Volunteer Section Commander Liam Hegarty

Volunteer Section Commander Liam Hegarty (aged about 27) of Ballymakeera (Ballymakeera outside Ballyvouney)

Date of incident: 5 Sept. 1920

Sources: CC, 6 Sept. 1920; CE, 6, 7 Sept. 1920; CCE, 11 Sept. 1920; SS, 11 Sept. 1920; Irish Bulletin, 4:1 (3 Jan. 1921); MSPC/RO/36 (Military Archives); Patrick O’Sullivan’s WS 794, 9-10 (BMH); Daniel Harrington’s WS 1532, 9 (BMH); Patrick J. Lynch’s WS 1543, 11 (BMH); Ó Suílleabhaín (1965), 157-59; Last Post (1976), 70; ‘The Irish Rebellion in the 6th Division Area’, Irish Sword, 27 (Spring 2010), 55, 138; Sheehan (2011), 135; Ó hÉalaithe (2014), 47, 80, 124, 125, 131-34, 273; IRA Memorial, The Square, Macroom. 

 

Note: A party of British troops from Macroom feigned the breakdown of one of their military lorries just outside the village of Ballyvourney on Sunday, 5 September 1920. The lorry had a secret compartment that hid armed soldiers and was nicknamed the ‘Q’ lorry after the Royal Navy warships disguised as merchant vessels and used to destroy German submarines during the First World War. When two local Volunteers—Liam Hegarty and Dannie Healy—opened the engine-bonnet fastenings, ‘from within came a fusillade of rifle shots’. Healy was able to escape ‘unscathed’, but Hegarty was fatally wounded. Another young man named Michael Lynch, who lived nearby and who was drawn to the scene by the shooting, ‘was mortally wounded by a rifle bullet. Whether the killers in the lorry aimed at him or not is not certain. But it is certain that one of the miscreants crossed the fence [at the roadside] and shot Liam Hegarty again as he lay wounded.’ This British action came after the IRA had destroyed abandoned military lorries on that same road, notably in the ambush at Slippery Rock near Ballyvouney less than three weeks earlier, in which the officer in charge had been killed and four of his men had been wounded. See Ó Suílleabhaín (1965), 157-59 (quotations on 158). Hegarty was a member of Section 1 of B Company of the Eighth Battalion of the Cork No. 1 Brigade. See MSPC/RO/36 (Military Archives). 

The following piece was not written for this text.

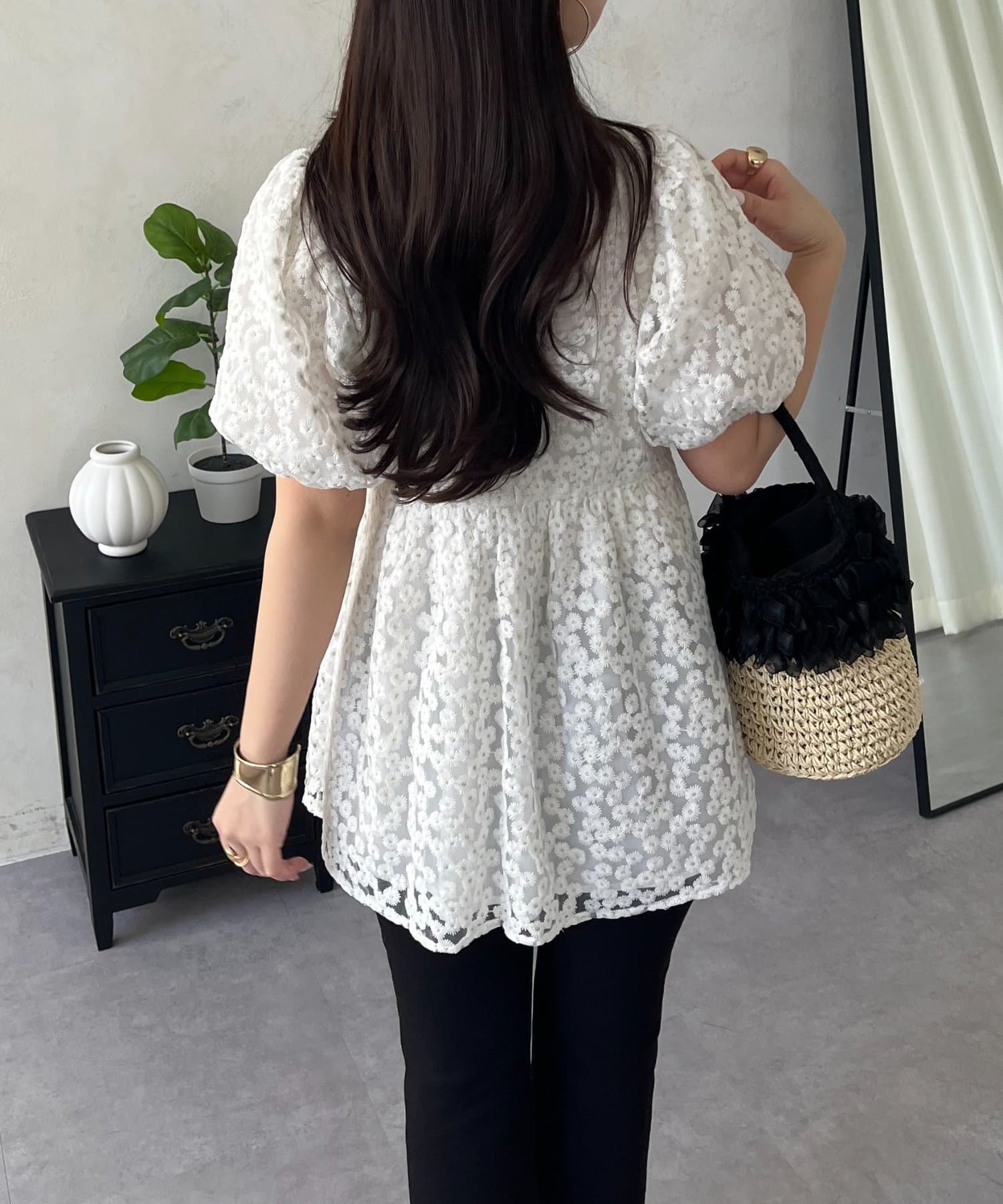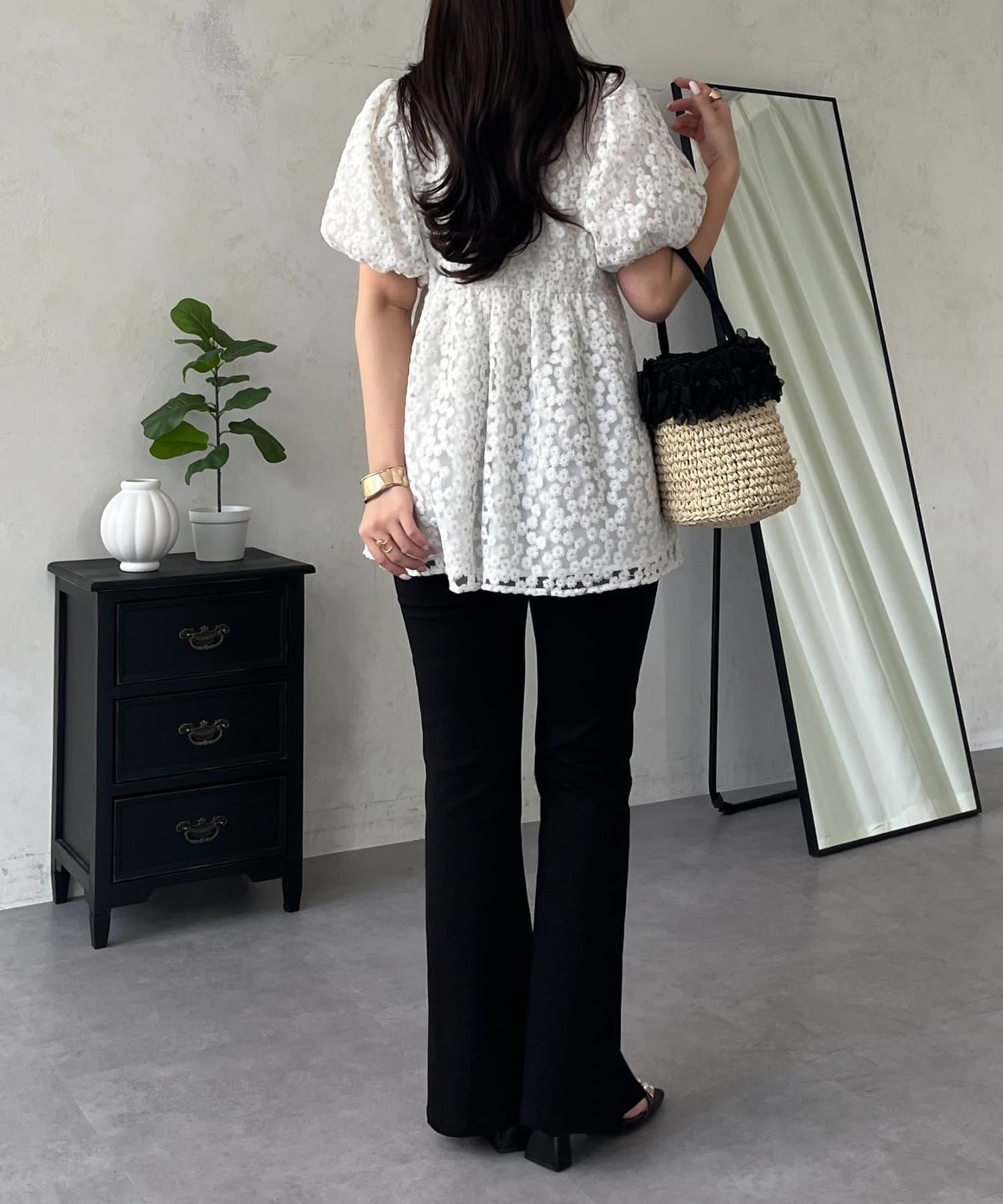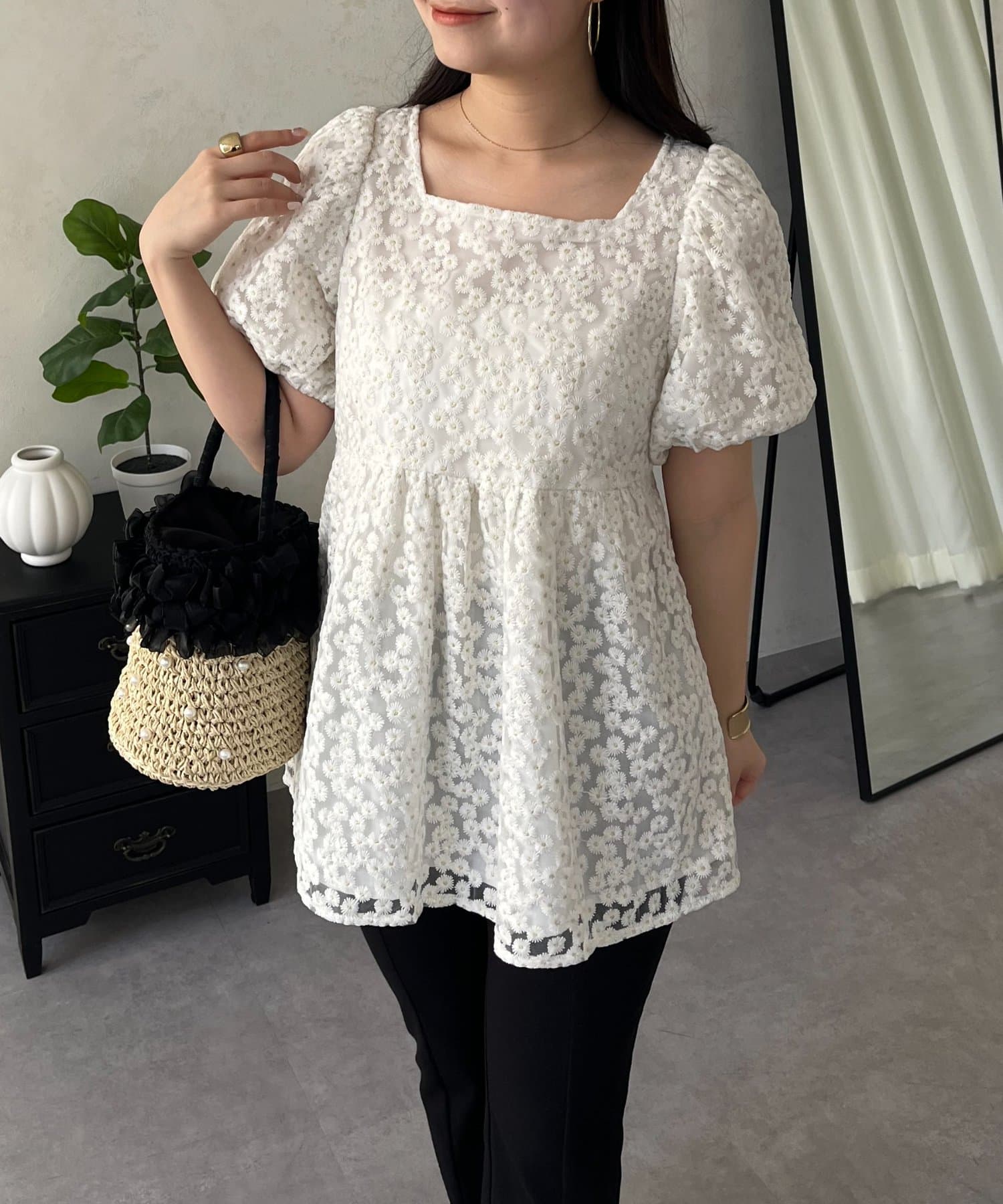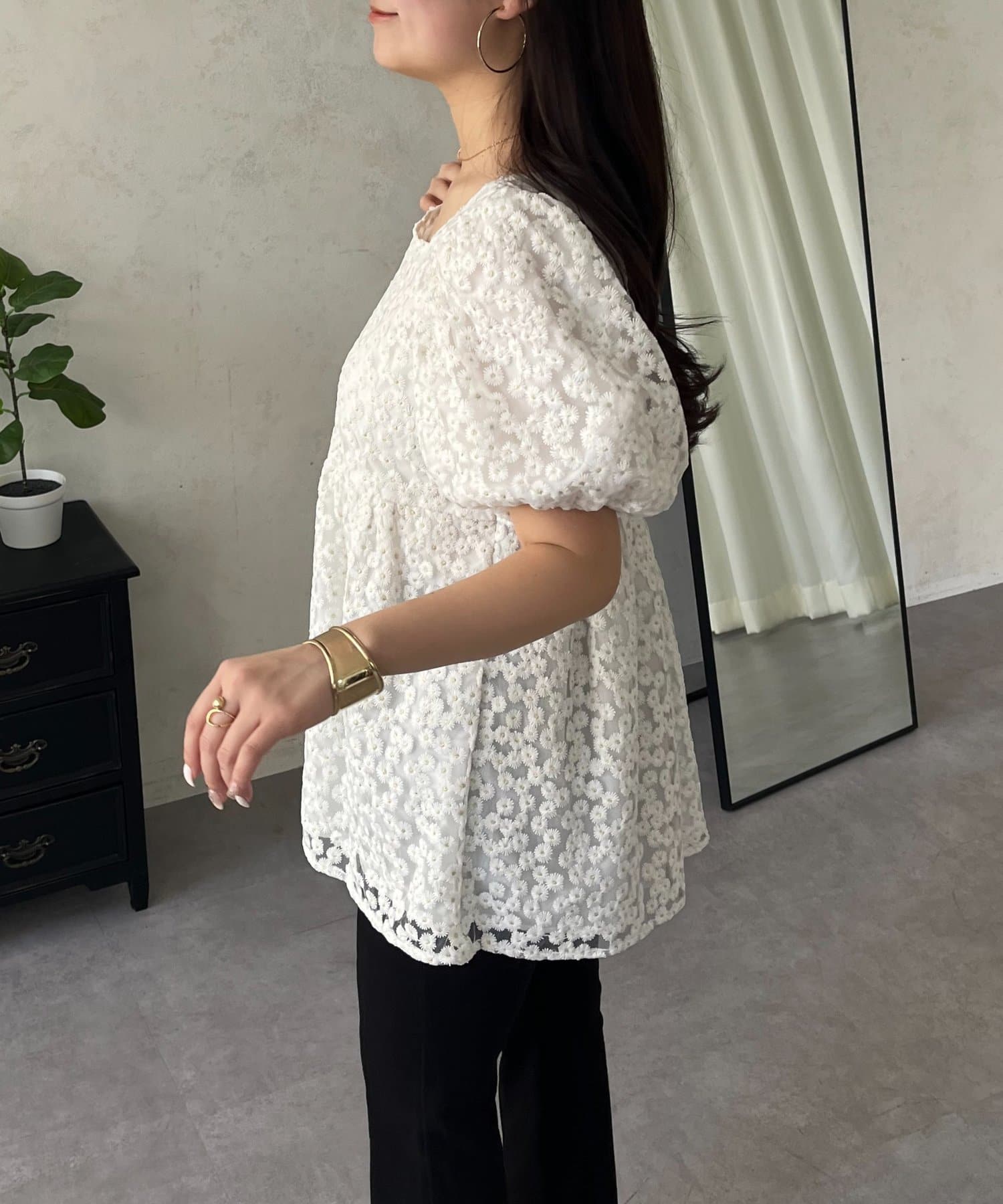 • prose verse(プロズヴェール) フラワーチュールレースペプラムブラウス

The account that appeared in the Cork Examiner of 7 September 1920 differed in some important details. Again, there was a story about how three military lorries had sped out of Macroom and stopped ‘near the cross a quarter of a mile from the village [of Ballyvourney], and probably not very far from the scene of the recent attack on the military cyclist patrol’. One of the lorries, covered in canvas, was apparently abandoned as if it had engine trouble. ‘Little children from the village began to congregate about it, and there was the greatest curiosity to know what was inside. Soon the crowd became larger and was largely composed of children and young boys and girls. One little lad had the temerity to lift the canvas and gaze in. Immediately, a volley of rifle fire was opened, and the frightened crowd fled in all directions.’ Liam Hegarty, a native of Ballymakeera, came along on his bicycle, dismounted, was wounded in the shoulder, tried to get away, but was shot twice more and killed. The son of Michael Lynch, also named Michael, rushed from his tea to the gate of his house near the scene to see what was going on; he was shot there and mortally wounded. ‘It is stated that the firing was from a machine gun, and that the road was torn up with bullets.’ See CE, 7 Sept. 1920.

Hegarty was honoured in death by his IRA comrades. In his account of the Kilnamartyra Volunteers, Dr Patrick O’Sullivan recalled: ‘On 7 September 1920 every man of the 103 Kilnamartyra Volunteer Company paraded at the military funeral of Section Commander Liam Hegarty of the Baile Mhúirne [Ballyvourney] Company, who was shot dead by the British military near Baile Mhic Íre [Ballymakeera] village.’ See Ó hÉalaithe (2014), 80.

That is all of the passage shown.